INFORMATION SHOWN –
>>>

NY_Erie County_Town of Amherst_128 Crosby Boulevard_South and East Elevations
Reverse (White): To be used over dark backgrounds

<<<
>>>

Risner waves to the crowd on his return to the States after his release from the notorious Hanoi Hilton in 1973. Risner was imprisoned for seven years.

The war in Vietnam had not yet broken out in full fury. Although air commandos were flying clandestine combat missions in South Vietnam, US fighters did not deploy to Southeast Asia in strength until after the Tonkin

<<<
>>>

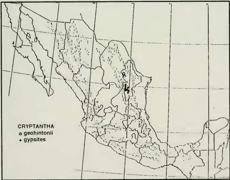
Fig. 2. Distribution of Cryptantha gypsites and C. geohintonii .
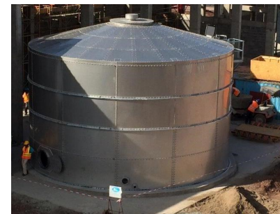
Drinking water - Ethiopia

<<<

YOUR OBJECTIVE –
Pull every line containing "after" from the material above.

RESULT FOR THIS EXERCISE –
Risner waves to the crowd on his return to the States after his release from the notorious Hanoi Hilton in 1973. Risner was imprisoned for seven years.
The war in Vietnam had not yet broken out in full fury. Although air commandos were flying clandestine combat missions in South Vietnam, US fighters did not deploy to Southeast Asia in strength until after the Tonkin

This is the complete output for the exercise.